It has little or no mention of the features that now make Office special -- the document map, hyperlinks between the Net and other documents, and the easy archiving of e-mail. Sadly, Office's built-in help isn't much better. The catalogue is extensive, but scrolling through the contents is painfully slow. And the organization can be chaotic, forcing you to jump around among entries to solve your problems.

HIDDEN EXPENSE.  To really master Office, you're forced to spend up to $40 for a third-party guide. In essence, Microsoft has pushed the cost of learning its software onto customers. And that has become a new, hidden expense of owning Office, which retails at $300-plus.

In fairness, Microsoft is far from alone in this outrage. Almost all of the major developers -- including Apple -- fail to include comprehensive manuals with their software. Imagine buying a cabinet from Ikea that came without directions on how to snap it together. That's what buying sophisticated software is like these days.

The good news is that most of the third-party guides for Office are pretty good. I've taken a look at several and found the best to published as part of Pogue O'Reilly Press's Missing Manual series. The Missing Manual for Office X is written by three longtime Mac experts and veteran Microsoft users: Nan Barber, Tonya Engst, and David Reynolds.
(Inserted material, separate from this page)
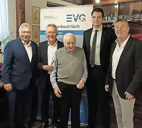 Forchheim 80 Jahre Mitglied in der Eisenbahner-Gewerkschaft Von links: Martin Burkert, Fürths OB Thomas Jung, Günter Klar, Mattias Birkmann, Klaus Obst. // Klaus Obst von Redaktion TEILEN  vor 2 Stunden Forchheim Der bald 98-jährige Günter Klar ist Eisenbahner gewesen, bis zu seinem Ruhestand verantwortlich für große Umbauten. Und immer noch ist er seiner Eisenbahn- und Verkehrsgewerkschaft (EVG) treu.Mit weiteren Mitgliedern wurde er in einem würdigen Rahmen geehrt. Ortsverbandsvorsitzender Klaus Obst ging in seiner Eröffnungsrede darauf ein: „Bei Wind und Wetter und im Schichtdienst wart ihr für die Bahn und den Kunden unterwegs und habt euch als Techniker, Fahrdienstleiter, Brückenbauer, IT-Spezialist, Zugführer und Kontroller eingebracht in die große Eisenbahnerfamilie.“ Man habe den Bundesvorstand Martin Burkart für die Festrede gewinnen können. Bahnvorstände wollten im ICE Tempo abbauen, doch Burkart mit seinem Team konnte hier auch mal die Signale auf Rot stellen. Wie man die letzten Wochen auch gesehen hat, in der Führungsetage des Bahnkonzerns. Von der EVG-Geschäftsstelle Nürnberg war Matthias Birkmann dabei. Er konnte mit seinem Beitrag zu regionalen Geschehnissen, barrierefreien Zugängen, Pünktlichkeit und der Diskussionen zum Ausbau der Strecken auch den anwesenden Oberbürgermeister der Stadt Fürth, Thomas Jung, einbeziehen.Im Anschluss wurden die Jubilare für ihre Treue zur EVG mit Ehrenurkunde, Präsent und Blumengebinde geehrt. Für 80 Jahre wurden geehrt Günter Klar und Anton Stähr; letzterer konnte aus gesundheitlichen Gründen nicht teilnehmen. Für 70 Jahre: Paul Pöhlmann und Georg Pieger. Für 60 Jahre: Klaus Wollny, Richard Ketscher und Hermann Ittner. Für 50 Jahre: Karl Heinz Welker und Stefan Schönbach.Bei einem gemeinsamen Mittagessen in der Gaststätte Stadtwappen wurden dann schöne Gespräche geführt und Erinnerungen ausgetauscht. Obst dankte am Ende seinen Mitgliedern in seiner Vorstandschaft. Klaus Obst, Eisenbahn- und Verkehrsgewerkschaft EVG

WRITTEN WITH ATTITUDE.  Like its competitors, the Missing Manual is clearly written and comprehensive. But what sets it apart is that it's also a touch irreverent. It tells you about the features in Office that don't really work, such as auto-summary, which can't, despite Microsoft's claims, really summarize a document in a meaningful way. That attitude also makes Missing Manual fun to read, not that you'd want to sit down with it like War and Peace for a Sunday, although it's almost as long.

The real selling point is Missing Manual's usefulness. It's full of revealing secrets. You wouldn't know it from Microsoft's own literature, but today you can find a keyboard equivalent for nearly every feature in Office's suite of Word, Excel, Entourage, and PowerPoint. All of them are listed here.

Missing Manual helps compensate for Office's greatest weakness. Many of the program's most powerful features are hidden -- almost as if Microsoft didn't really want users to find them. Take the document map, one of Redmond's few real innovations in word processing. Using headings in a document, this tool generates a hierarchical list in a left-hand panel. Click on a heading, and you jump to that location in a document. It's a great way to navigate through books and long reports.

BURIED DEEP.  Yet information about the document map is paltry in Microsoft's literature. In Missing Manual, it's explained in full, including how to customize heading styles and collapse subheadings for easier navigation. It's nearly impossible to figure out these features on your own, since they're buried deep within Office's long lists of menu commands and dialog windows.

Here are some other powerful features revealed in Missing Manual:

• You can create a style once and then copy it again and again into any other document, whether a letter or spreadsheet. It's not easy, but Missing Manual shows you how to do it step-by-step.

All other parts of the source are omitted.